In a sworn affidavit, attorney Fernando Martinez characterized the documents at issue as follows:

Pages 1-8 are my notes that I made during the trial ... and made in the presence and discussed with my client during trial. I consider these notes to be both my work product and attorney/client communications. Page 9 is my notes made during a confidential interview with my client.... Page 10 is my personal notes made during an interview with one of the witnesses who testified at the trial_ Pages 11-13 are copies of information I provided to my client, and I consider these to be confidential communications between my client and me. Pages 14-16 are my personal notes made in preparation of the trial in researching the legal issues involved.

We have examined the sealed documents, and Mr.
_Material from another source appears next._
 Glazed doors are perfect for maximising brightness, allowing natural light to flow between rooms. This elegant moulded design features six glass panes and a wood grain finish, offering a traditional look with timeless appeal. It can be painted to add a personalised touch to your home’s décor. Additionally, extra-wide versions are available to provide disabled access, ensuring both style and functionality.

Martinez’s characterizations appear to be accurate.

Before we may grant the extraordinary remedy of mandamus, relators must show compelling circumstances which establish the necessity for the writ and must demonstrate that the district judge clearly abused his discretion. Tex.R.App.P.Ann. 121(a)(2)(D) (1989); See Zenith Radio Corp. v. Clark, 665 S.W.2d 804, 806 (Tex.App.1983, orig. proceeding). A district court abuses its discretion “when it reaches a decision so arbitrary and unreasonable as to amount to a clear and prejudicial error of law.” Johnson v. Fourth Court of Appeals, 700 S.W.2d 916, 917 (Tex.1985).
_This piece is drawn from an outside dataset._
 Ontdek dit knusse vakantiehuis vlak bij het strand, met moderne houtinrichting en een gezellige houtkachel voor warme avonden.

Because the Arriola criminal file was created in the context of his criminal proceeding, and because Mr. Martinez prepared and still possesses the file on Arriola’s behalf, we must analyze this matter with the criminal rules and privileges in mind. 1 *128 First, we will determine whether each group of documents was covered either by the attorney-client privilege or the work product doctrine. If the materials were privileged in the criminal proceeding, we then will determine whether the protection endures beyond the completion of Arriola’s criminal case.

ATTORNEY-CLIENT PRIVILEGE

The Texas Rules of Criminal Evidence state in part:

A client has a privilege to refuse to disclose and to •prevent any other person from disclosing confidential communications made for the purpose of facilitating the rendition of professional legal services to the client and made: (1) between him or his representative and his lawyer.... A client has a privilege to prevent the lawyer or the lawyer’s representative from disclosing any other fact which came to the knowledge of the lawyer ... by reason of the attorney-client relationship.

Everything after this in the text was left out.